对于观察 #3,模型自信地预测不存在疾病。
[13]:
row_index = 3
shap.multioutput_decision_plot(
heart_base_values,
heart_shap_values,
row_index=row_index,
feature_names=heart_feature_names,
highlight=[np.argmax(heart_predictions[row_index])],
legend_labels=class_labels(row_index),
legend_location="lower right",
)

显示交互作用的累积效应
决策图支持 SHAP 交互值:从基于树的模型估计的一阶交互作用。虽然 SHAP 依赖图是可视化单个交互作用的最佳方式,但决策图可以显示一个或多个观察的主要效果和交互作用的累积效应。
此处的决策图使用主要效果和交互作用解释了来自 UCI Adult Income 数据集的单个预测。显示了 20 个最重要的特征。有关支持交互作用的更多详细信息,请参阅“SHAP 交互值”部分。
[14]:
shap.decision_plot(
expected_value,
shap_interaction_values[misclassified],
features_display[misclassified],
link="logit",
)

探索一系列特征值的特征效果
决策图可以揭示预测如何在一组特征值范围内变化。此方法对于呈现假设情景和揭示模型行为很有用。在本示例中,我们创建了仅在资本收益方面不同的假设观察结果。
从 UCI Adult Income 数据集中的以下参考观察结果开始。
[15]:
idx = 25
X_display.loc[idx]
[15]:
Age 56
Workclass Local-gov
Education-Num 13
Marital Status Married-civ-spouse
Occupation Tech-support
Relationship Husband
Race White
Sex Male
Capital Gain 0
Capital Loss 0
Hours per week 40
Country United-States
Name: 25, dtype: object
使用参考观察结果的多个副本创建合成数据集。将“Capital Gain”的值从 0 美元到 10,000 美元以 100 美元为单位进行变化。检索相应的 SHAP 值。此方法允许我们评估和调试模型。分析师也可能发现此方法对于呈现假设情景很有用。请记住,本示例中显示的资本收益效果特定于参考记录,因此无法推广。
[16]:
rg = range(0, 10100, 100)
R = X.iloc[np.repeat(idx, len(rg))].reset_index(drop=True)
R["Capital Gain"] = rg
with warnings.catch_warnings():
warnings.simplefilter("ignore")
hypothetical_shap_values = explainer.shap_values(R)[1]
hypothetical_predictions = expected_value + hypothetical_shap_values.sum(axis=1)
hypothetical_predictions = 1 / (1 + np.exp(-hypothetical_predictions))
此依赖图显示了特征值范围内的 SHAP 值变化。此模型的 SHAP 值表示对数几率的变化。此图显示在 5,000 美元左右的 SHAP 值有显着变化。它还显示了 0 美元和大约 3,000 美元的一些显着异常值。
[17]:
shap.dependence_plot("Capital Gain", hypothetical_shap_values, R, interaction_index=None)

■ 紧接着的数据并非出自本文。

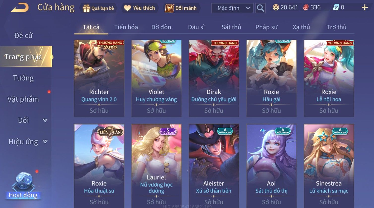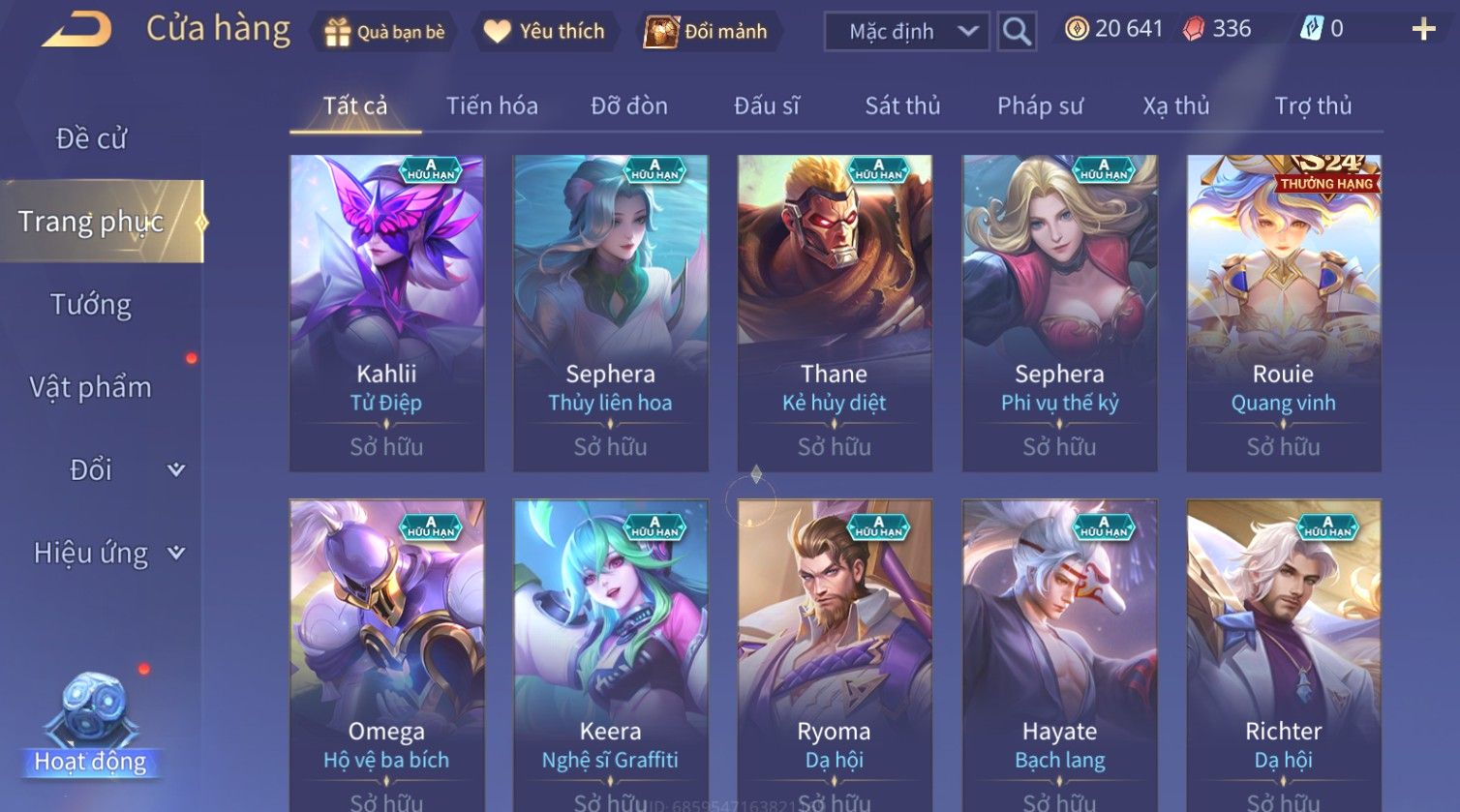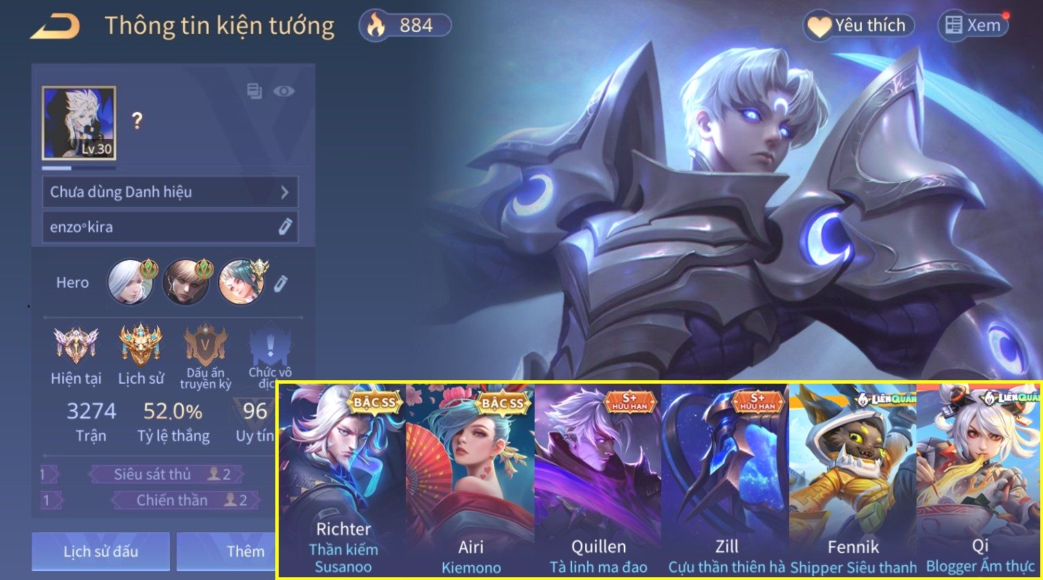 Nổi bật: Skin: Airi Kiemono×Richter Thần Kiếm Susanoo×Quilen Tà Linh Ma Đao×Zill Cựu Thần Thiên Hà×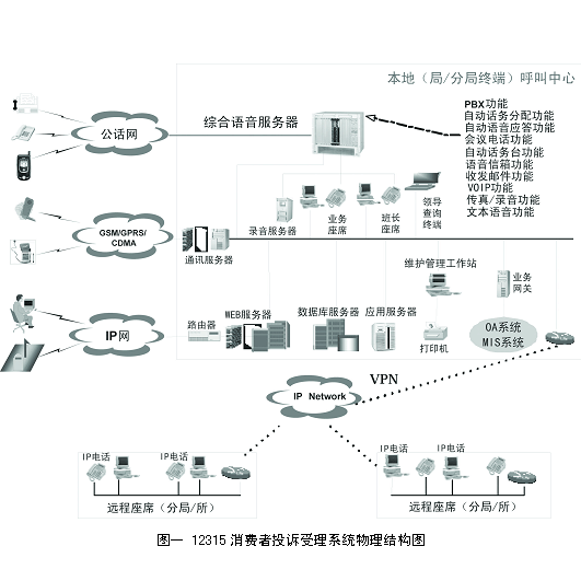 圖一是12315消費者投訴受理系統(tǒng)物理結(jié)構(gòu)圖: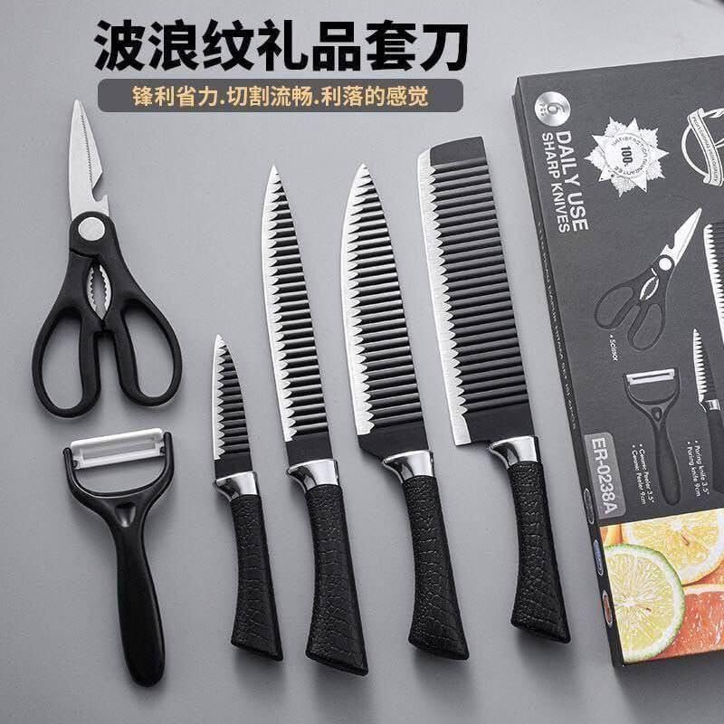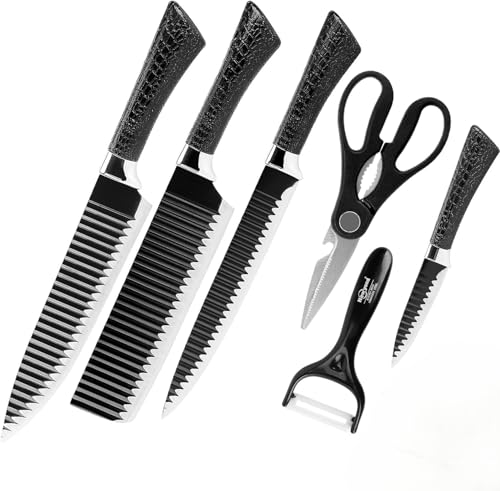 - مجموعة سكاكين مطبخ كاملة من 6 قطع - تتضمن مجموعة سكاكين المطبخ متعددة الاستخدامات هذه ثلاثة سكاكين متعددة الأغراض وساطور متين ومقشرة خضروات ومقص مطبخ لدعم مجموعة واسعة من مهام إعداد الطعام. سواء كنت تقوم بتقطيع الخضروات أو تقطيع اللحم أو تحضير المكونات للطهي اليومي، فإن المجموعة توفر أدوات أساسية مصممة لتبسيط إعداد الوجبات.

虽然依赖图很有帮助,但很难辨别上下文中 SHAP 值的实际效果。为此,我们可以在概率尺度上使用决策图绘制合成数据集。首先,我们绘制参考观察结果以建立上下文。预测概率为 0.76。资本收益为零,模型为此分配了一个小的负面影响。特征已手动排序以匹配接下来的两个图。
[18]:
# The feature ordering was determined via 'hclust' on the synthetic data set. We specify the order here manually so
# the following two plots match up.
feature_idx = [8, 5, 0, 2, 4, 3, 7, 10, 6, 11, 9, 1]
shap.decision_plot(
expected_value,
hypothetical_shap_values[0],
X_display.iloc[idx],
feature_order=feature_idx,
link="logit",
)

现在,我们绘制合成数据。参考记录用虚线标记。特征通过分层聚类排序,以对相似的预测路径进行分组。我们看到,实际上,资本收益的效果在很大程度上是两极分化的;只有少数预测值介于 0.2 和 0.8 之间。
[19]:
shap.decision_plot(
expected_value,
hypothetical_shap_values,
R,
link="logit",
feature_order="hclust",
highlight=0,
)

在进一步检查预测后,我们发现了一个大约 4,300 美元的阈值,但存在异常。0 美元、3,000 美元和 3,100 美元的资本收益导致意外的高预测值;5,000 美元的资本收益导致意外的低预测值。这些异常值在此处绘制,并带有图例,以帮助识别每个预测。3,000 美元和 3,100 美元的预测路径相同。
[20]:
def legend_labels(idx):
return [rf"\${i * 100:,} ({hypothetical_predictions[i]:.2f})" for i in idx]
show_idx = [0, 30, 31, 50]
shap.decision_plot(
expected_value,
hypothetical_shap_values[show_idx],
X,
feature_order=feature_idx,
link="logit",
legend_labels=legend_labels(show_idx),
legend_location="upper center",
)

识别异常值
决策图可以帮助识别异常值。指定 feature_order='hclust'
以将具有相似预测路径的观察结果分组。这通常使异常值更容易被发现。绘制异常值时,避免使用 link='logit'
,因为预测幅度会被 sigmoid 函数扭曲。
下图显示了概率范围 [0.03, 0.1] 中的所有预测。(本示例中排除了小于 0.03 的预测,因为它们代表大量观察结果。)两个预测立即脱颖而出。“Age”、“Capital Loss”和“Capital Gain”的效果最为突出。
[21]:
y_pred = model.predict(X_test) # Get predictions on the probability scale.
T = X_test[(y_pred >= 0.03) & (y_pred <= 0.1)]
with warnings.catch_warnings():
warnings.simplefilter("ignore")
sh = explainer.shap_values(T)[1]
r = shap.decision_plot(expected_value, sh, T, feature_order="hclust", return_objects=True)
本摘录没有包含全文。